May Increase the Risk of Cancer

An excessive intake of coumarin, which is present in large quantities in Cassia cinnamon, has been linked to an increased risk of some malignancies in animal experiments.

For instance, research on rodents has revealed that consuming too much coumarin might result in the growth of malignant tumours in the lungs, liver, and kidneys. It’s unclear how coumarin might result in tumors.

However, some scientists think that over time, DNA damage brought on by coumarin increases the risk of cancer.

May Cause Mouth Sores

Mouth sores have been reported in certain consumers after consuming items with cinnamon flavouring.

When taken in excessive quantities, the chemical cinnamaldehyde found in cinnamon may cause an allergic reaction. Small doses of the spice don’t appear to trigger this reaction because saliva keeps chemicals from coming into prolonged contact with the mouth.

Other signs of a cinnamaldehyde allergy besides mouth sores include:

  • tongue or gum enlargement
  • a feeling of burning or itching
  • mouth with white spots
  • Although not always serious, some symptoms can nonetheless be uncomfortable.

It’s crucial to remember that cinnamaldehyde only causes mouth sores in people who are allergic to it. A skin patch test can be used to check for this kind of allergy.

May Cause Low Blood Sugar

It is commonly known that cinnamon can reduce blood sugar levels. According to studies, the spice can replicate the actions of the hormone insulin, which aids in removing sugar from the blood.

Although consuming a small amount of cinnamon may help lower blood sugar, doing so excessively may cause it to drop too low. It is known as hypoglycemia. It may cause fatigue, wooziness, and even fainting.
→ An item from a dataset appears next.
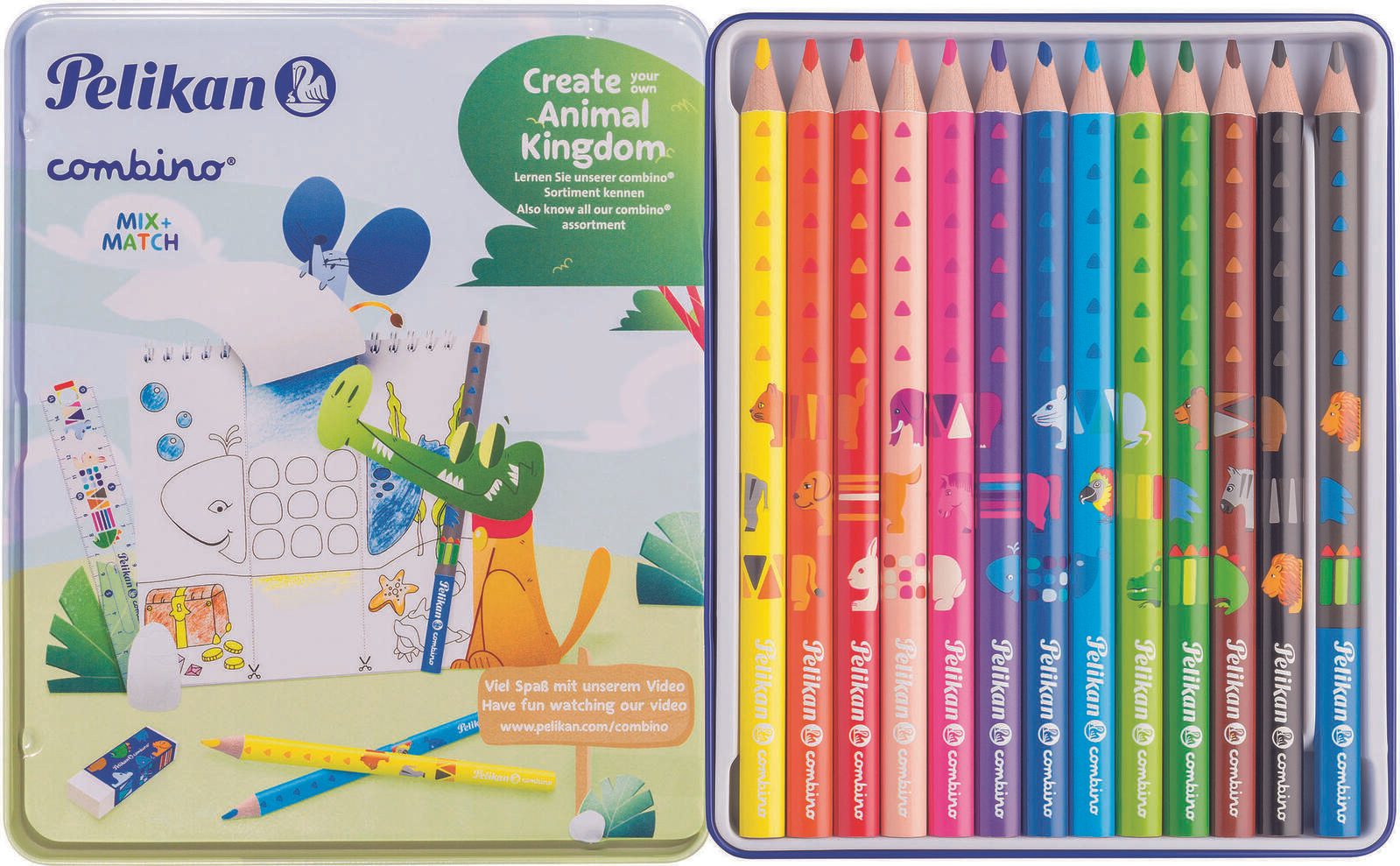 Die Pelikan Buntstifte Mehrfarbig sind die ideale Wahl für kreative Köpfe, die Wert auf Qualität und Vielseitigkeit legen. Mit ihrer dreikantigen Form liegen sie besonders gut in der Hand und ermöglichen ein ermüdungsfreies Zeichnen und Schreiben, egal ob du ein Anfänger oder ein erfahrener Künstler bist. Jedes Set enthält 13 verschiedene Stifte, die in einer breiten Palette von Farben erhältlich sind: gelb, orange, rot, beige, rosa, lila, dunkelblau, hellblau, dunkelgrün, hellgrün, braun, schwarz und grau. Diese Farbvielfalt eröffnet dir unzählige Möglichkeiten, deine Kreativität auszudrücken und deine Kunstwerke zum Leben zu erwecken. Die hohe Minenstabilität und Bruchfestigkeit der Stifte garantieren, dass du lange Freude an deinem Mal- und Zeichenspaß hast. Egal, ob du feine Linien zeichnen oder kräftige Farbflächen gestalten möchtest, die Pelikan Buntstifte bieten dir die nötige Präzision und Farbintensität. Die Jumbo-Ausführung sorgt zudem dafür, dass die Stifte angenehm zu halten sind und sich ideal für Kinderhände eignen, was sie zu einem perfekten Begleiter für den Kunstunterricht oder die Freizeit macht. Verpackt in einem robusten Metall-Etui, sind die Pelikan Buntstifte nicht nur praktisch, sondern auch stilvoll. Das Etui schützt die Stifte vor Beschädigungen und sorgt dafür, dass sie immer griffbereit sind, wenn die Kreativität dich überkommt. Mit diesen Buntstiften von Pelikan erhältst du nicht nur ein hochwertiges Produkt, sondern auch ein unverzichtbares Werkzeug für alle, die das Zeichnen und Malen lieben.Technische Daten

Those who are taking diabetes treatments are particularly at risk of having low blood sugar. This is due to the possibility that cinnamon could intensify the effects of these drugs and cause your blood sugar to drop too low.

May Cause Breathing Problems

This is so that it won’t be difficult to inhale due to the spice’s fine texture. Its accidental inhalation can result in:

  • coughing
  • gagging
  • trying to catch your breath is difficult

Additionally, the cinnamaldehyde in cinnamon irritates the throat. It might result in additional respiratory issues. Being unintentionally exposed to cinnamon should be avoided by those who have asthma or other breathing-related illnesses because they are more prone to have breathing difficulties.

Interact with Certain Medications

With the majority of drugs, cinnamon is safe to consume in small to moderate doses. If you are taking medication for diabetes, heart disease, or liver disease, taking too much may be a problem. This is due to the possibility that cinnamon may interact with such drugs, either amplifying their effects or causing more severe side effects.

For instance, cassia cinnamon has a lot of coumarin, which is poisonous to the liver and might harm it if ingested in large quantities.

A lot of cinnamon may increase your risk of liver damage if you use drugs that could harm your liver, like paracetamol, acetaminophen, and statins.